The Sergeant looked at the civilians as if expecting them to cry out in condemnation, but no-one did. "Probably the kindest thing that could have been done for him," said Dennis Gruber quietly. "Remember those poor souls back at the hospital."
. The Sergeant clearly thought so because he was wearing a determined, unrepentant expression that told them that he had no problem with the way things had turned out. He was replacing his lance in its harness, still looking at them. Then he turned his horse and returned to the head of the convoy, leaving the dead man lying in the dust.
"Let's go," he said. "We've got time to make up."

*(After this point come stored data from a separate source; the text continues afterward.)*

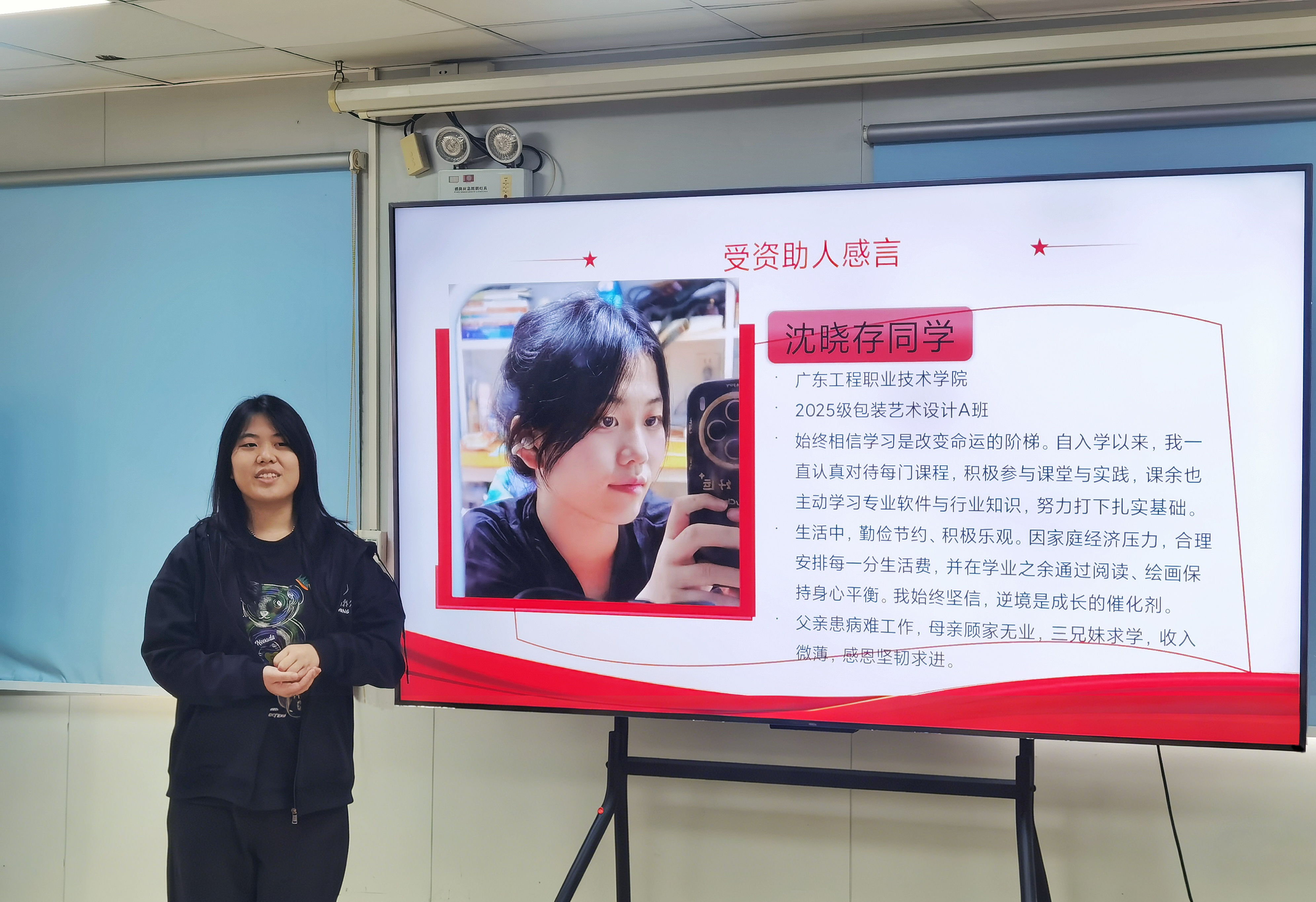 捐赠仪式上,5名受助学生代表依次分享了各自在逆境中奋进的励志故事。“父母务农收入微薄,妹妹患病的医疗费曾让我险些放弃学业,是国家助学金和爱心企业的资助让我能安心求学。”2024级虚拟现实技术应用C班学生吴嘉莹率先发言,言语间满是感恩,她坚定表示,未来将投身乡村教育事业,把这份温暖传递给更多需要帮助的孩子。2025级数字媒体艺术设计E班刘颖诗从专业实践视角分享感悟:“资助不仅解决了学费难题,更让我有机会参与非遗美育实践,后续我将用设计技能为乡村文化赋能,以实际行动回馈社会。”2025级包装艺术设计A班沈晓存、2025级数字媒体艺术设计E班梁文明等学生代表也相继发言,结合自身家庭困境讲述受助经历,均表达了“受助思源、励志奋进、传递爱心”的决心,承诺将积极践行志愿精神,用专业能力反哺社会。
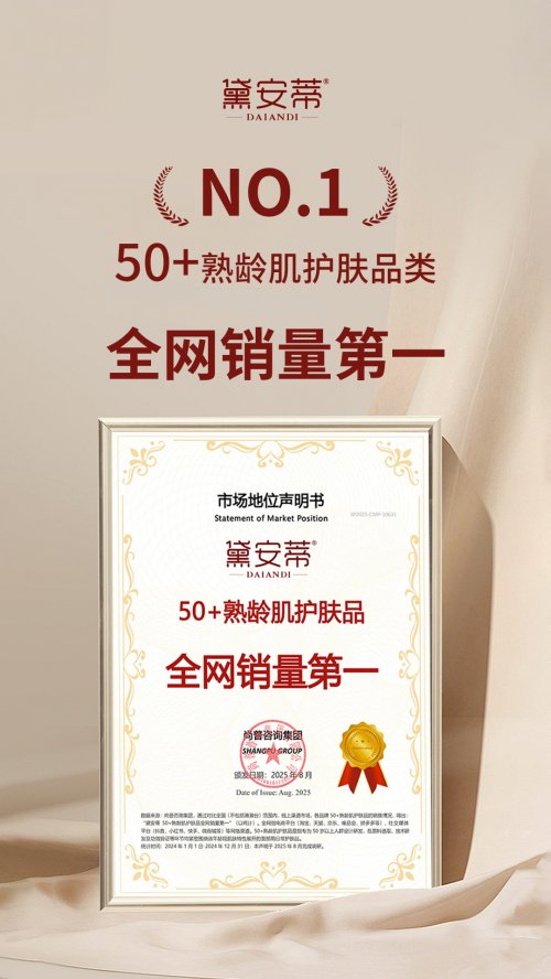 新聞摘要:面對50+熟齡肌護膚市場 “供給空白” 困境,專注該領域的國貨品牌黛安蒂,精準錨定熟齡肌膠原蛋白流失、屏障功能衰退、活性成分吸收難等核心痛點,以 “草本智慧+現代科技” 打造白細胞膠原雨淋乳、靈芝活性肽精華油、海茴香臻奢緊致溯顏麒麟竭膏等特色產品矩陣,并憑借 99.6% 客戶好評率、2024年全網銷量954噸的成績,斬獲尚普咨詢 “50+熟齡肌護膚品類開創者”“全網銷量第一” 雙認證,為熟齡群體提供科學抗衰解決方案,推動行業向精準化細分發展。
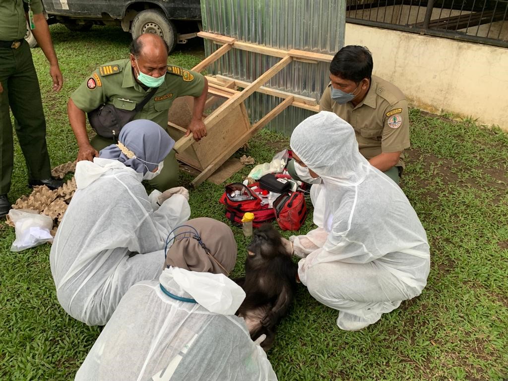 Tim Balai Besar KSDA Sumatera Utara melakukan evakuasi satwa satwa liar yang dilindungi dari rumah pribadi Bupati Langkat non aktif T...
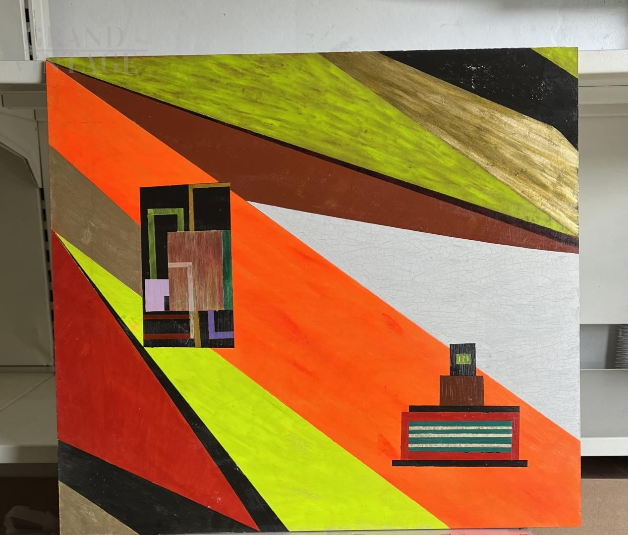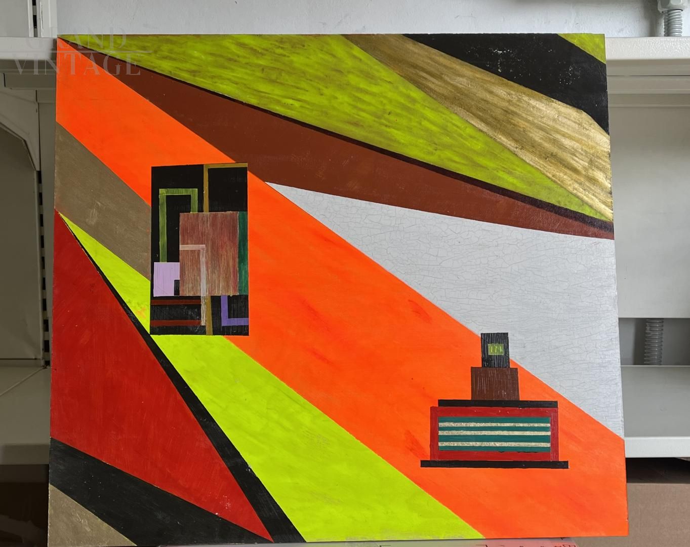 Dipinto geometrico astratto di Bruno Carlino a smalto e tempera su tavola, 2023
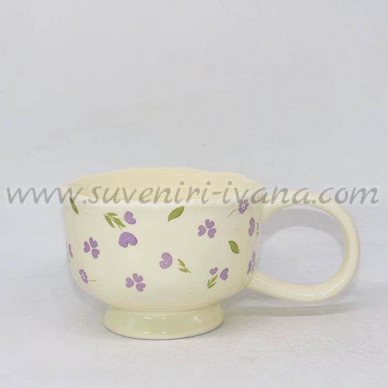 Тази керамична чаша впечатлява със своя топъл кремав цвят и деликатни лилави цветчета, които ѝ придават свеж и романтичен характер. Леко вълнообразният ръб и стабилната основа допълват естетиката ѝ и създават усещане за уют и домашен комфорт.
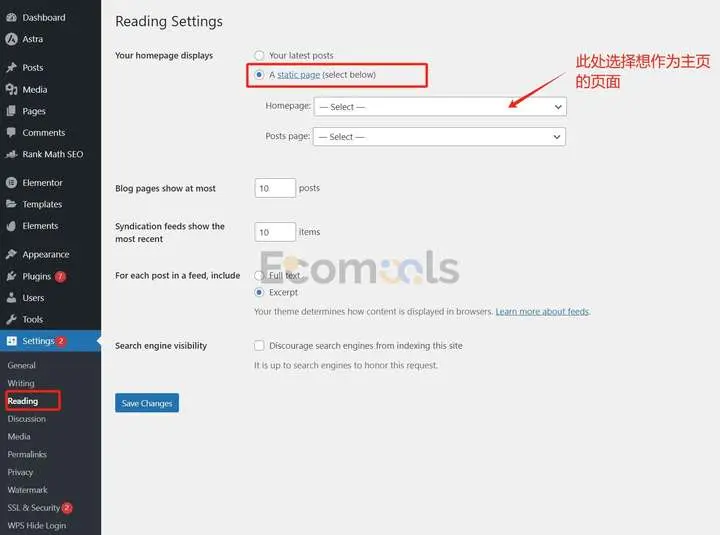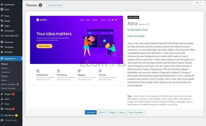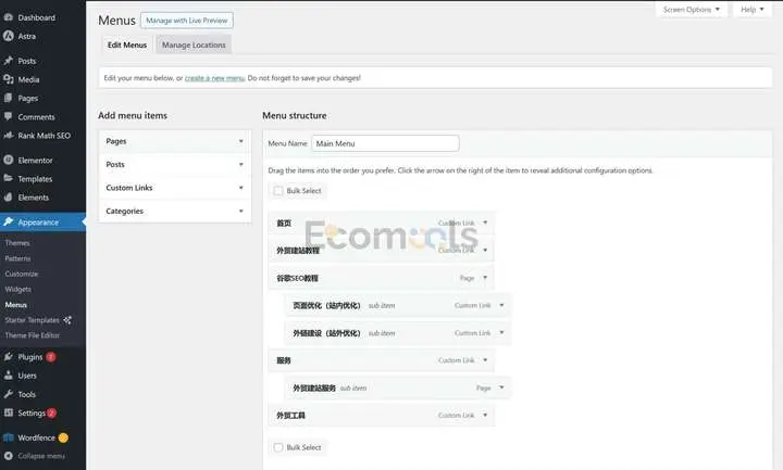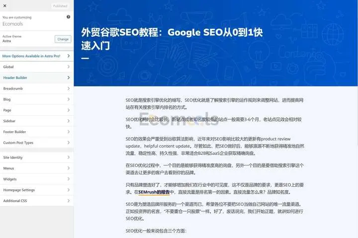 注意:我是用的是Astra主題,如果你使用的是其他主題,那麼界面以及選項會有不一樣的地方。但是設置管理側邊欄的步驟都是共通的:
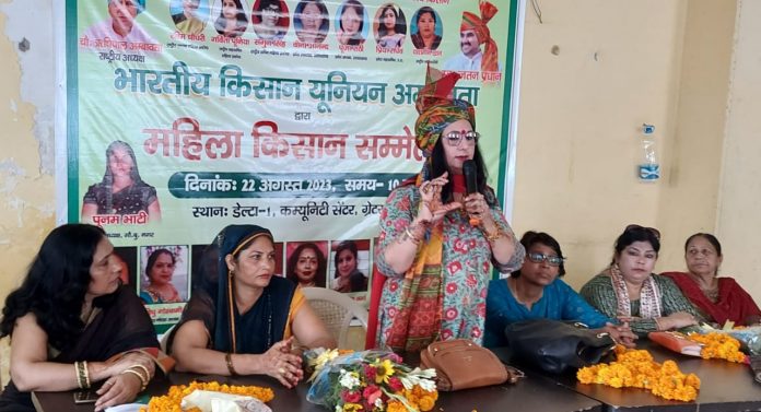 रुड़की।भारतीय किसान यूनियन (अंबावत) महिला विंग की राष्ट्रीय अध्यक्ष श्रीमती रश्मि चौधरी ने कहा कि महिलाओं को निडर होकर अपने अधिकारों की लड़ाई लड़नी होगी।महिलाएं आज हर क्षेत्र में पुरुषों से आगे हैं।उक्त् विचार उन्होंने ग्रेटर नोएडा के डेल्टा वन कम्युनिटी सेंटर में हुए महिला किसान सम्मेलन में बतौर मुख्य अतिथि के रूप में बोलते हुए व्यक्त किये।सम्मेलन को संबोधित करते हुए श्रीमती रश्मि चौधरी ने कहा कि महिलाओं को निडर होकर अपने अधिकारों को पाने के लिए आगे आना होगा।महिलाएं आज प्रत्येक क्षेत्र में पुरुषों से आगे हैं।देश की सुरक्षा से लेकर देश का नेतृत्व करने वाली महिलाएं आज किसानों के संगठन में भी अपनी भागीदारी निभा रही हैं।
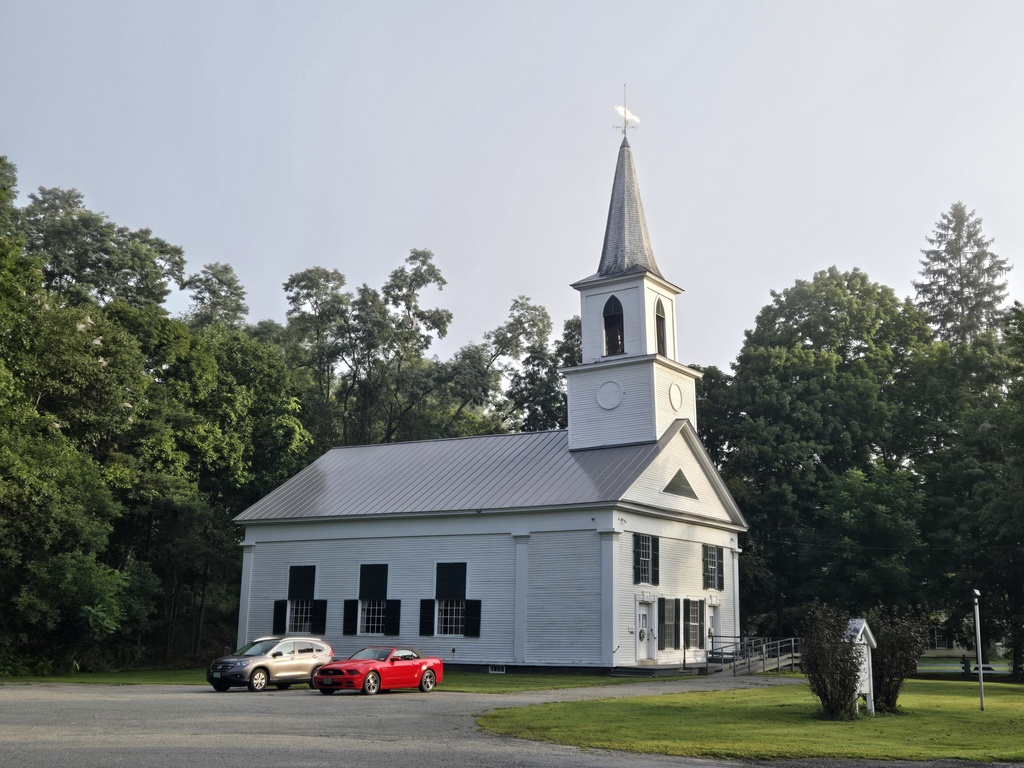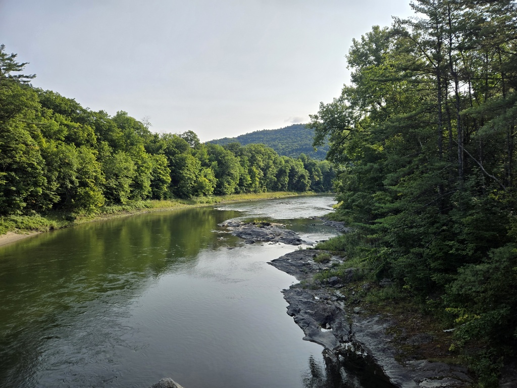 We rode down river from South Royalton to our first challenge of the day, a super steep 4 mile climb out of the town of Sharon. Just to get us fully psyched for the climb a flagger stopped us at the bottom right where we could see the really steep opening quarter mile looming over us. They held us there for about 20 minutes. They were re-paving the uphill lane and it was closed so they had one-way traffic moving in the downhill lane. We started at the end of the cars going up and it seemed that they would hold traffic until we cleared their job site. We were only half right as they did hold the traffic but they did not hold the three project asphalt dump trucks. The first one passed us a too close while we were pushing hard to get out of everyone’s way. Yes, it is quite fun trying to sprint a mile uphill at 10% with fully loaded touring bikes. It was hard but at least the paving bunched up the traffic so we rode most of the rest of the climb traffic free, except for a couple bunches of cars. It turned out to be the hardest climb of the day, and most drama filled as well.
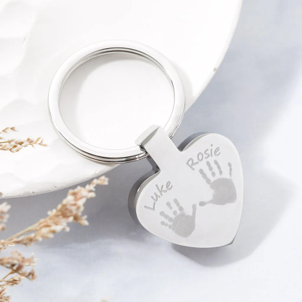 Carry your little ones with your wherever you go with our engraved handprint keyring, featuring prints, names and special dates or messages.
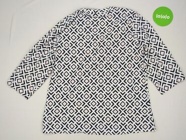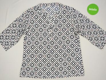 Bluzka damska z delikatnym wzorem - Kolor: biały w drobne, niebieskie krzyżyki/geometrię - Krój: luźny, lekko zaokrąglony dół; rękaw 3/4 - Dekolt: w kształcie litery V z krótką listwą i subtelną l...
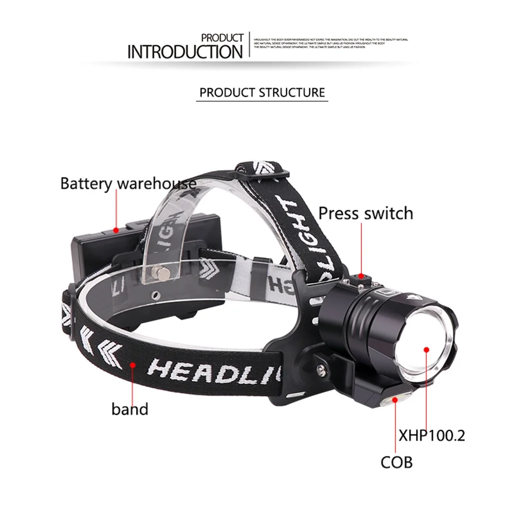 【Название продукта 】:P199 2 * фара COB【Наименование Bulb】:P199 (Теоретический срок службы: 100000 часов)【Тип переключателя: Нажатие выключателя на головке лампы【Рабочая шестерня: главный светильник P160, сильный светильник, низкий светильник, мигающий,-【вспомогательный светильник всегда включен (вспомогательный светильник можно регулировать вверх и вниз)【Цвет 】: белый светильник на голове, красный предупреждающий светильник в конце отсека для батареи【Уровень водонепроницаемости: IPX6 (непромокаемый, защита от брызг)【Рабочее напряжение】: ≥ 3,7 V【Материал изделия 】: алюминиевый сплав с АБС【Способ зарядки: поддержка зарядки micro USB【Режим масштабирования: телескопический зум【Обработка поверхности 】: износостойкое Анодное окисление【Применимый аккумулятор 】:3*18650 7800 мАч (не входит в комплект)[Вес нетто продукта]: 270 г (ручное измерение, есть различия)
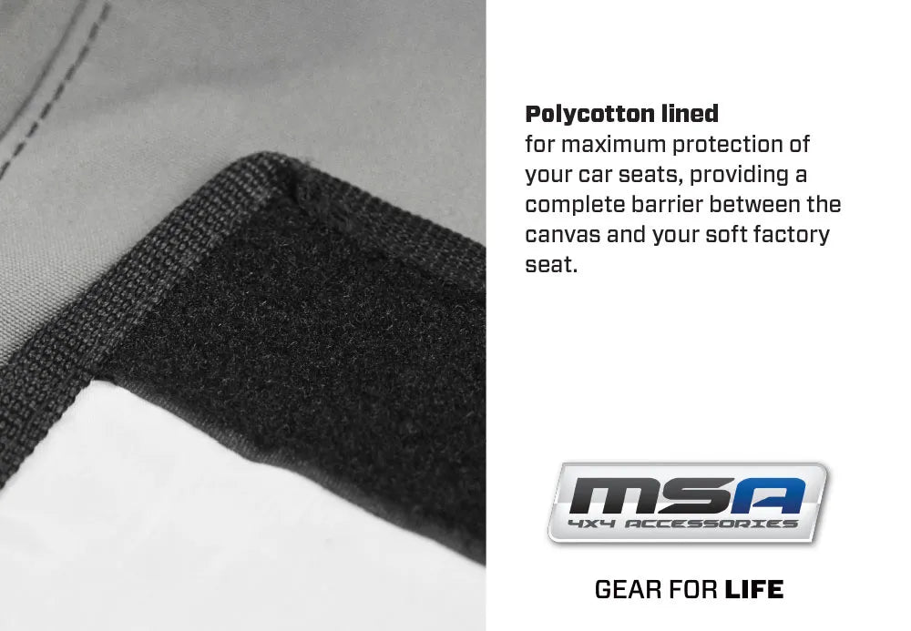 MSA 4x4’s ADR compliant Premium Canvas Seat Covers are designed to provide the most comfortable, best fitting and toughest seat protection for most popular 4x4 vehicle seats. The only Seat Covers with an integrated Air Lumbar Support System and a super soft underside layer of cotton. No rough canvas rubbing the delicate fabric of the vehicle’s original seats, the cotton lining is critical to prevent this. Manufactured from MSA 4x4’s special blend of soft, comfortable canvas combined with DuPont™ 100% waterproof Teflon. Allowing for the greatest level of comfort on long drives while maximising protection from kids and pets. MSA 4x4’s Seat Covers are fully crash-tested and certified ADR compliant. Ensuring the factory airbags will deploy the way the manufacturers intended, by no more than one-thousandth of a second. When it comes to airbags and safety, everything must deploy at the same time.
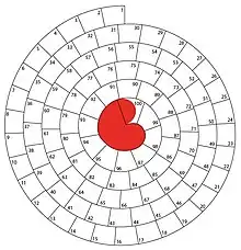 Un puzzle en spirale est un jeu sur les mots dont les lettres sont des pièces élémentaires qui, accolées, forment une spirale. Une puzzle en spirale est essentiellement une longue chaîne de mots dans deux directions[1] : dans le sens antihoraire vers l'intérieur, et dans le sens horaire vers l'extérieur (pour des spirales dites tournant à droite)[2]. Les pièces s'enroulent tel un serpentin. Les mots à entrer à remplir dans le sens antihoraire sont entrées dans les cases 1 à 100. Les mots qui doivent être entrés dans le sens des aiguilles d'une montre fournissent un autre ensemble de mots qui doivent être entrés de 100 à 1[3]. La solution finale peut consister en un certain nombre de cases[4].

The three wagon drivers slapped their reins and they continued on. Jeffcott tried not to look at the dead man as they passed him, but his eyes seemed to be under the control of a power greater than his. The man had rolled onto his back, and the intensity of the situation made Jeffcott notice tiny details that he would probably have missed otherwise. The large bloodstain covering the cannabis leaf design on his vest was still growing as more blood leaked from his wound and dust was sticking to the oily skin of his arms and face. As their wagon passed him by, though, he thought he saw movement under his skin. Colonies of embryonic tissue, he assumed. Moving around inside the corpse, and now they had seventy kilos of dead meat to feed on.
He looked at the other experts. They were carefully looking away from the corpse except for Dennis Gruber, the expert on embryonic growth defects, who was staring at it with a horrified intensity. Was he imagining those embryos growing until they had nothing left to feed on? Jeffcott wondered. Was he imagining small but utterly monstrous creatures tearing their way through the skin and wriggling off in search of something else to eat? Jeffcott thought he was, because he was imagining the exact same thing.
Gruber tore his gaze away from the corpse with a visible effort and for a brief moment his eyes met Jeffcott's. They each read what the other was thinking and they tore their gazes apart as if jerked by an electric shock. Jeffcott noticed that the doctor avoided looking at him for a long time after that.